Statistical modeling and optimization techniques find vast applications in management decision making process. Whether designing new products, streamlining a production process or evaluating current vs. prospective customers, today’s business managers face greater complexities than ever before. Running a shop on instinct no longer suffices. Statistics provide managers with more confidence in dealing with uncertainty in spite of the flood of available data, enabling managers to more quickly make smarter decisions and provide more stable leadership to staff relying on them. Statistical analysis of a representative group of consumers can provide a reasonably accurate, cost-effective snapshot of the market with faster and cheaper statistics than attempting a census of very single customer a company may ever deal with. The statistics can also afford leadership an unbiased outlook of the market, to avoid building strategy on uncorroborated presuppositions. Statistics back up assertions. Leaders can find themselves backed into a corner when persuading people to move in a direction or take a risk based on unsubstantiated opinions. Statistics can provide objective goals with stand-alone figures as well as hard evidence to substantiate positions or provide a level of certainty to directions to take the company. Statistics can point out relationships. A careful review of data can reveal links between two variables, such as specific sales offers and changes in revenue or dissatisfied customers and products purchased. Delving into the data further can provide more specific theories about the connections to test, which can lead to more control over customer satisfaction, repeat purchases and subsequent sales volume. Anyone who has looked into continuous improvement or quality assurance programs, such as Six Sigma or Lean Manufacturing, understands the necessity for statistics. Statistics provide the means to measure and control production processes to minimize variations, which lead to error or waste, and ensure consistency throughout the process. This saves money by reducing the materials used to make or remake products, as well as materials lost to overage and scrap, plus the cost of honoring warranties due to shipping defective products.

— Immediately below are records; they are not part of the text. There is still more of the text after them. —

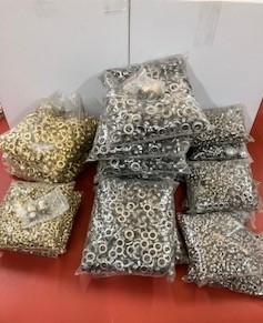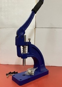 Øskenpresse med 4 stempler og 20 poser assoterede øskener i forskellige størrelser (ca. 2.000 stk.).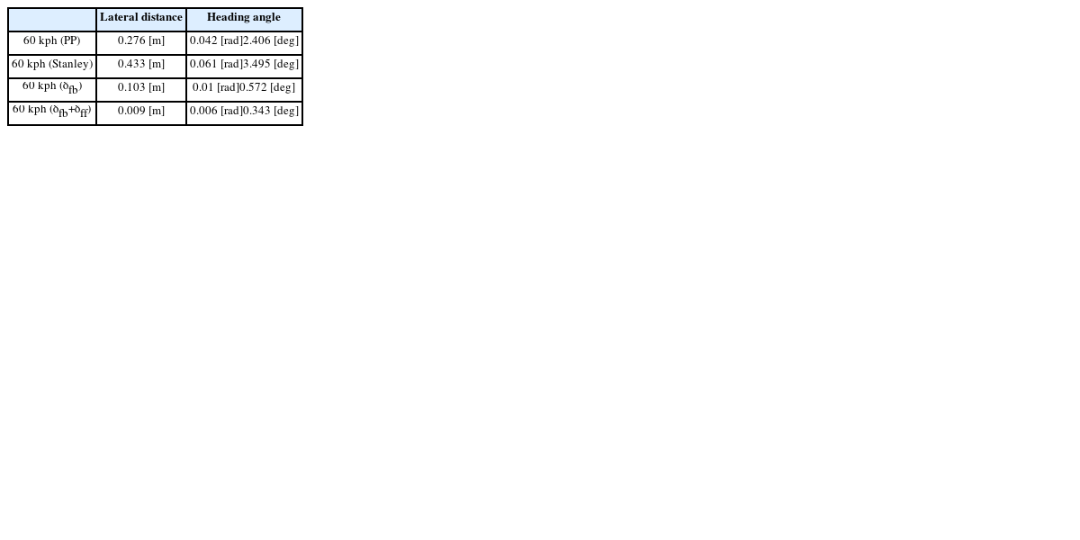 Table 7Lateral distance error and heading angle error RMS at vehicle speed of 20-60 kph in Town05
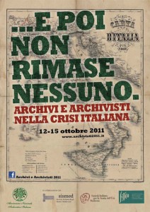 È indubbiamente un onore e uno sforzo quotidiano assolvere un compito così gravoso; tanto più nei tempi difficili in cui viviamo. Purtroppo, in questi ultimi anni la crisi economica ha colpito il settore culturale e, in particolar modo, quello archivistico: gli archivi sono sempre stati la “Cenerentola” dei beni culturali, i primi a soffrire dei continui tagli e ridimensionamenti imposti. Una realtà sconosciuta ai molti; chi però frequenta quotidianamente questi ambienti come utente si può facilmente render conto delle tangibili difficoltà vissute da questi istituti, dal loro personale e dai fruitori. Una situazione che, viste le risorse sempre più scarse investite in questo settore, non è destinata a migliorare col tempo. Per richiamare l’attenzione sul disastro cui si sta andando incontro, l’ANAI (Associazione Nazionale Archivistica Italiana), in collaborazione con società di studi storici e con un’enorme parte dell’amministrazione archivistica statale e non statale, organizza quattro giorni di iniziative di denuncia e protesta su tutto il territorio nazionale. All’evento, che si terrà dal 12 al 15 ottobre, è stato dato il significativo titolo di “…e poi non rimase nessuno. Archivi e archivisti nella crisi italiana”.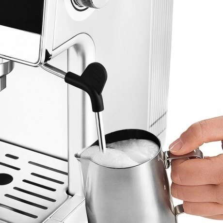 Кофеварка КТ-7418 поможет приготовить кофе эспрессо, капучино или латте, а также множество других видов кофе на ваш вкус. С помощью стимера вы можете приготовить молочную пенку, а также подогреть паром остывший чай или молоко.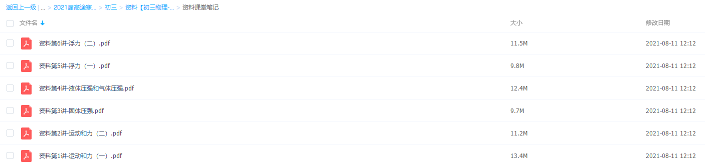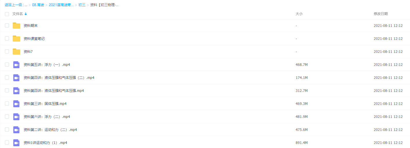 此课件来自高途课堂,2021高途课堂初三物理寒假郭志强视频课程,包含视频课程和讲义资料 。此课件主要知识点包括:运动和力、液体压强和气体压强、固体压强等视频内容。

Employing techniques from other mathematical sciences, such as mathematical modeling, statistical analysis, and mathematical optimization, operations research arrives at optimal or near-optimal solutions to complex decision-making problems. Because of its emphasis on human-technology interaction and because of its focus on practical applications, operations research has overlap with other disciplines, notably industrial engineering and operations management, and draws on psychology and organization science. Operations research is often concerned with determining the maximum (of profit, performance, or yield) or minimum (of loss, risk, or cost) of some real-world objective. Originating in military efforts before World War II, its techniques have grown to concern problems in a variety of industries. Operational research (OR) encompasses a wide range of problem-solving techniques and methods applied in the pursuit of improved decision-making and efficiency, such as simulation, mathematical optimization, queuing theory and other stochastic-process models, Markov decision processes, econometric methods, data envelopment analysis, neural networks, expert systems, decision analysis, and the analytic hierarchy process. Nearly all of these techniques involve the construction of mathematical models that attempt to describe the system. Because of the computational and statistical nature of most of these fields, OR also has strong ties to computer science and analytics. Operational researchers faced with a new problem must determine which of these techniques are most appropriate given the nature of the system, the goals for improvement, and constraints on time and computing power.